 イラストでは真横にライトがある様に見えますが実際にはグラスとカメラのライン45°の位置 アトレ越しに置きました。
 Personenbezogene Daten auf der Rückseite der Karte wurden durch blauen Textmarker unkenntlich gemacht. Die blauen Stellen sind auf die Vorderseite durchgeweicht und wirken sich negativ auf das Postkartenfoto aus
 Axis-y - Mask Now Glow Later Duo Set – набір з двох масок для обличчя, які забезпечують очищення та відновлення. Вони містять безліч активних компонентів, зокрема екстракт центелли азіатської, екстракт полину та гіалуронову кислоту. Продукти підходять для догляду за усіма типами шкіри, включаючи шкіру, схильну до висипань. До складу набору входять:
...
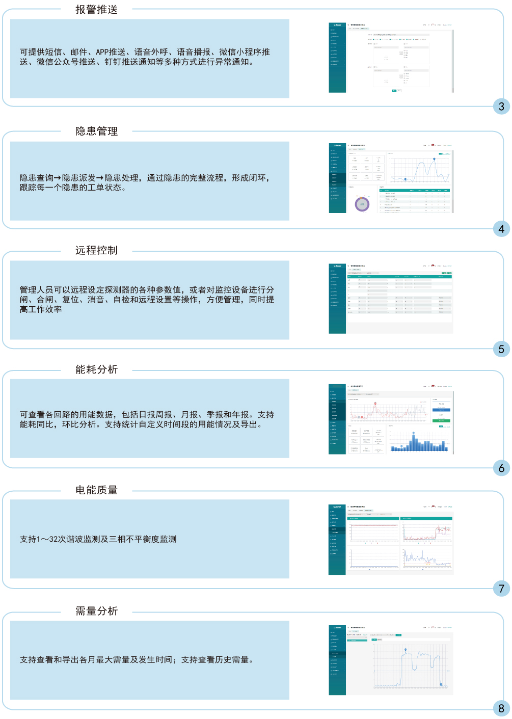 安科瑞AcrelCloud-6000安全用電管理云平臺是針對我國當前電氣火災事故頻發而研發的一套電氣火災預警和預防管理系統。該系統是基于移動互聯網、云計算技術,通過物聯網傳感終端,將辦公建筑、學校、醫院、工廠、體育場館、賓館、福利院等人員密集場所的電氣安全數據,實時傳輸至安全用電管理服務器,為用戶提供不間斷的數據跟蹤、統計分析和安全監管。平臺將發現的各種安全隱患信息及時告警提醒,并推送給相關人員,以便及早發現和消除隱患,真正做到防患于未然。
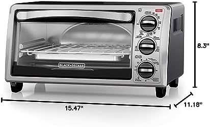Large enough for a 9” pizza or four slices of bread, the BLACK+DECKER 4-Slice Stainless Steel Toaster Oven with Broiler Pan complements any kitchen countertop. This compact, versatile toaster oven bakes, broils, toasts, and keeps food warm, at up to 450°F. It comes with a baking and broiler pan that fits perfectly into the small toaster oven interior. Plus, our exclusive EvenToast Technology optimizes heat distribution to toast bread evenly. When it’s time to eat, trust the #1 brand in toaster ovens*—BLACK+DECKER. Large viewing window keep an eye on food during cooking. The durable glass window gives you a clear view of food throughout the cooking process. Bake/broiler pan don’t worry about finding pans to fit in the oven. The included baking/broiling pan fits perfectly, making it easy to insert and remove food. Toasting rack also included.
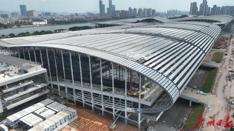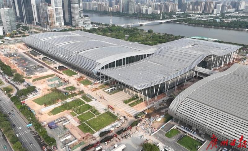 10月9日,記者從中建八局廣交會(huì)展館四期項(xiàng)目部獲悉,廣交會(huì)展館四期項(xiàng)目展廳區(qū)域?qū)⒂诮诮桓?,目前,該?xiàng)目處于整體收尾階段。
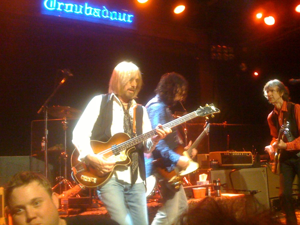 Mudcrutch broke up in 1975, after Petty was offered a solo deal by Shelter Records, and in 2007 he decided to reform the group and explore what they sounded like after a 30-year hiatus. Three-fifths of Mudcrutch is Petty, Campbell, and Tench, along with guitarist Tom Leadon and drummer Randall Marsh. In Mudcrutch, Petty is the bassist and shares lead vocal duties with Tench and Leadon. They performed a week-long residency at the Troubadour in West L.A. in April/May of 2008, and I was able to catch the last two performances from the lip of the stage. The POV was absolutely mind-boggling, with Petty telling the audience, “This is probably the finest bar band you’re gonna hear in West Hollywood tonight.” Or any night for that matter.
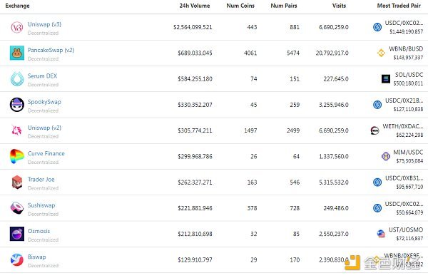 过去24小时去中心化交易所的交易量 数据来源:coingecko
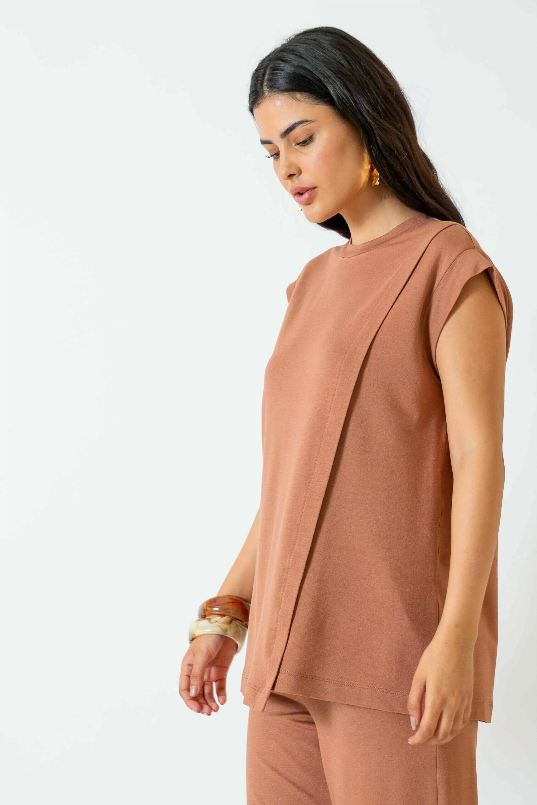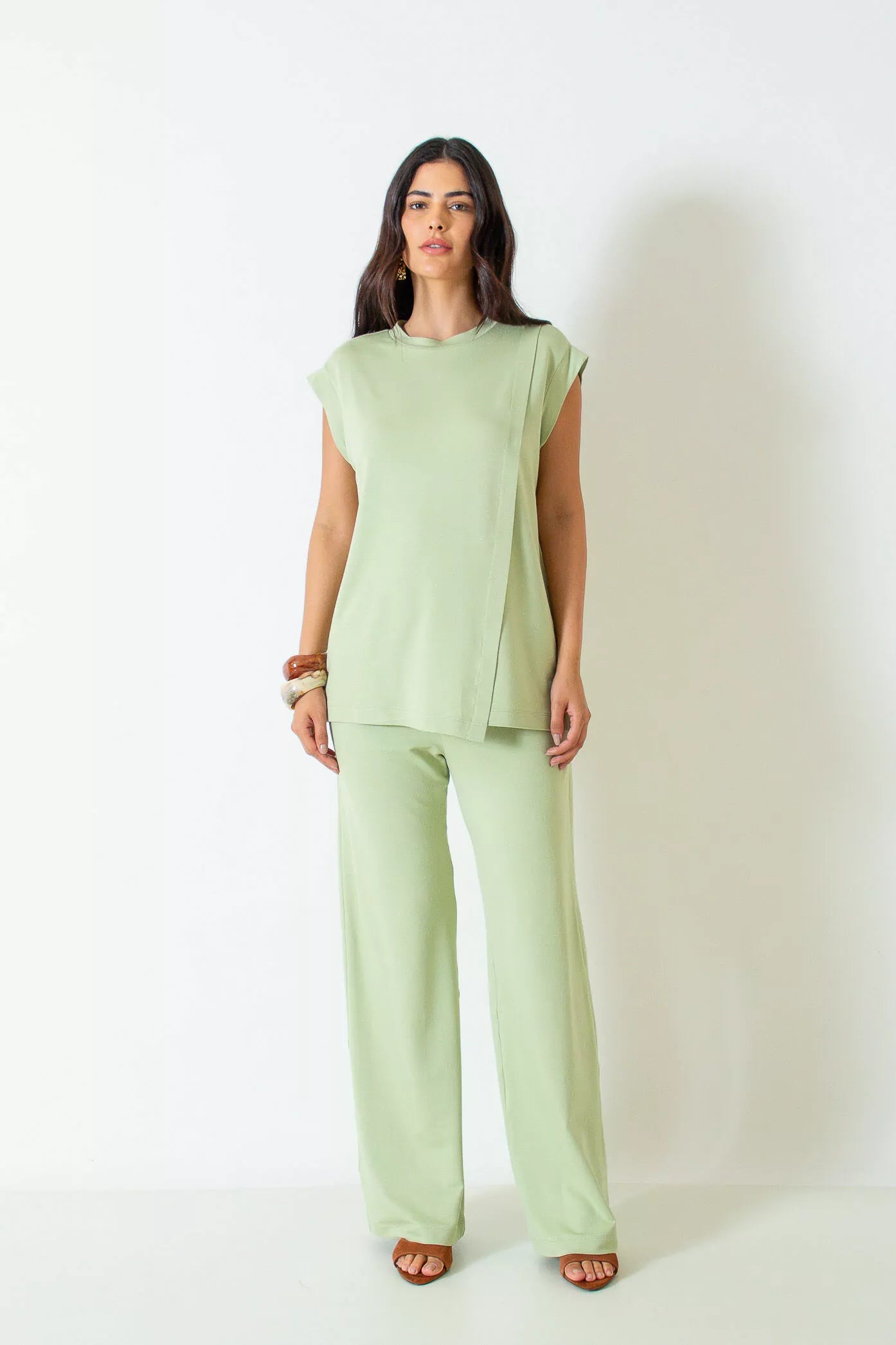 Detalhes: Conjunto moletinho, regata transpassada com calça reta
...
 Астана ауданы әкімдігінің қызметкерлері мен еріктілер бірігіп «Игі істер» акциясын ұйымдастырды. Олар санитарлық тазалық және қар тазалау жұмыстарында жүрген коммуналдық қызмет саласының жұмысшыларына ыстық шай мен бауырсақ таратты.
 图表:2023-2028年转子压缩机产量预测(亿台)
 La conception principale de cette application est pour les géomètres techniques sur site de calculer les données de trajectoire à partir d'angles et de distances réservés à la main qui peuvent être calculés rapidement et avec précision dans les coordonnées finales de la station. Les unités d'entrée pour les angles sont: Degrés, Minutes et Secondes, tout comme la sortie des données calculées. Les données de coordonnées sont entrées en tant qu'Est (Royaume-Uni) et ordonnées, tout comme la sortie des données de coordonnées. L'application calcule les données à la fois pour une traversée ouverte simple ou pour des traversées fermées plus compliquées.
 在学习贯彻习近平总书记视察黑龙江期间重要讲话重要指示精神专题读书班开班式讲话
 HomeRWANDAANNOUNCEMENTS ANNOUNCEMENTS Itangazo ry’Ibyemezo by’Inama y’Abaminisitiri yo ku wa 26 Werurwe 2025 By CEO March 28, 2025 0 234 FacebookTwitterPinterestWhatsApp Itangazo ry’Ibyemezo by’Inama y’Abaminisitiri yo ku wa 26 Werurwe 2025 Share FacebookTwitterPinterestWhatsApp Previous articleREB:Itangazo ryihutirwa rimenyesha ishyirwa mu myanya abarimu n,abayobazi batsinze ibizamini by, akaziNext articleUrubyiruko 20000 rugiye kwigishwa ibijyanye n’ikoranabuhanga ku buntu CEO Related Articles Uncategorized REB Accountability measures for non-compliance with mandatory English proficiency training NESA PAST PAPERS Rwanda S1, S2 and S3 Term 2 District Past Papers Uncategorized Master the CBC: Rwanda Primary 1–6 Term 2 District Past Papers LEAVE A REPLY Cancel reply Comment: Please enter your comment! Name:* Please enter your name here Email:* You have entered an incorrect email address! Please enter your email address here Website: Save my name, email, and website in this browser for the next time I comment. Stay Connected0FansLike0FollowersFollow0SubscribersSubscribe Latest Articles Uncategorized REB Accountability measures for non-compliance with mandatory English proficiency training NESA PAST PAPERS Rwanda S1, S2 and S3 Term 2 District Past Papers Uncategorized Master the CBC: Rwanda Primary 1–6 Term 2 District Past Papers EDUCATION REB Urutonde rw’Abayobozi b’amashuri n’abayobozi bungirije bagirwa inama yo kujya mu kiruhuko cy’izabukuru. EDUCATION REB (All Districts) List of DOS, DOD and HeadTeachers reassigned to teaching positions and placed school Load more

> **Instructions to follow**
Begin at the line that has "イラストでは真横にライトがあ" in the entries above; stop after the line that has "Personenbezogene Daten auf". Transcribe exactly those lines and no others.

> **Answer to this exercise**
 イラストでは真横にライトがある様に見えますが実際にはグラスとカメラのライン45°の位置 アトレ越しに置きました。
 Personenbezogene Daten auf der Rückseite der Karte wurden durch blauen Textmarker unkenntlich gemacht. Die blauen Stellen sind auf die Vorderseite durchgeweicht und wirken sich negativ auf das Postkartenfoto aus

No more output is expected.